NPR asked the Trump team to explain how tariffs can achieve all of Trump’s stated goals. They did not respond specifically, saying instead that tariffs will “protect American manufacturers and working men and women from the unfair practices of foreign companies and foreign markets.”

Higher prices and uncertain earnings

Trump’s tariff proposal goes far beyond what he imposed in his first term.

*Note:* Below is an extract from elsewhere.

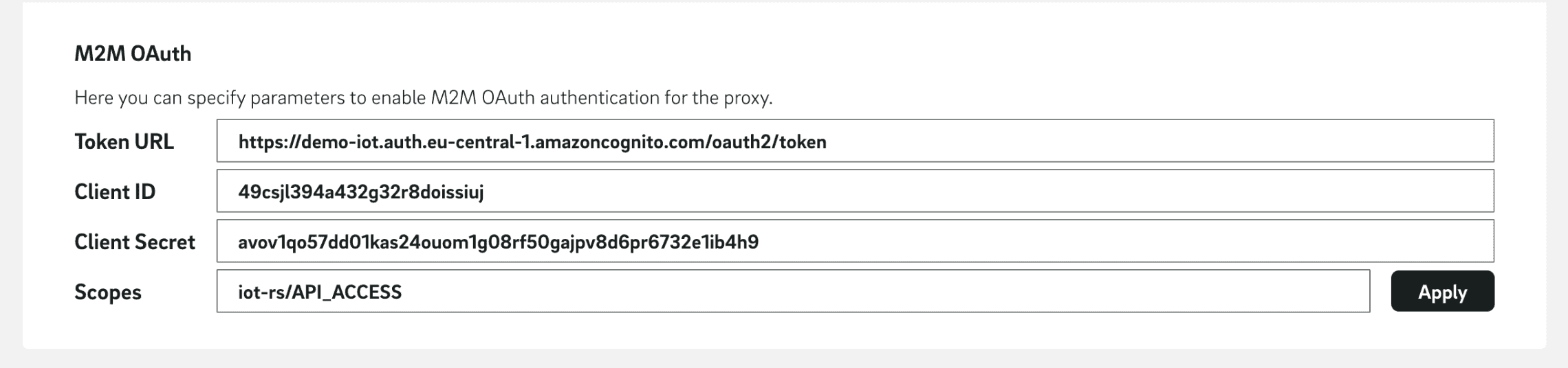 The second variant uses the M2M OAuth flow (also referred to client credentials flow). Here, the proxy uses predefined credentials (client ID and client secret) and scopes to retrieve a token via the token URL. The proxy uses this token accordingly for communication with the HTTP backend. If the token specifies an expires_in, the token is cached and not requested again until it expires. This prevents unnecessary latency and load on the IDP (Identity Provider). This variant can also be specified via the configuration page of the portal.

He has revised tariffs of up to 60% on Chinese goods, plus proposed 25% on Canada and Mexico. He has even proposed a 10% to 20% cap on all imports.

But even new, high tariffs would not raise the kind of revenue Trump appears to want. Trump has often pointed to the 19th century, a time before the federal income tax, as an era he admires.

“It will make our country rich,” he said on one December press conferenceand speaks admiringly of the days of former President William McKinley. “That was when we were proportionally the richest,” Trump said.

During the campaign, Trump even suggested that he would replace the income tax with tariffs.

Experts have said that would be impossible. Last year, rates amounted to only 2% of the government’s income.

According to one analysis from the Peterson Institute for International Economics, the maximum revenue that Trump’s threatened tariffs could generate would be $780 billion. That’s about a third of total income from income and corporate taxes, and it also doesn’t take into account the economic effects of higher tariffs, such as higher prices and slower growth, not to mention retaliation from abroad.

Kimberly Clausing co-authored the analysis and also worked in the Biden Treasury Department. She emphasized that the rate hikes would hurt lower-income Americans the most through higher prices — while helping higher-income people who receive Trump’s proposed tax cuts.

“I think a cynical reading of what the Trump administration is proposing is a bunch of regressive tax cuts that help those at the top of the distribution, which are paid for with the regressive consumption tax that’s going to hit the poor the hardest ,” she said.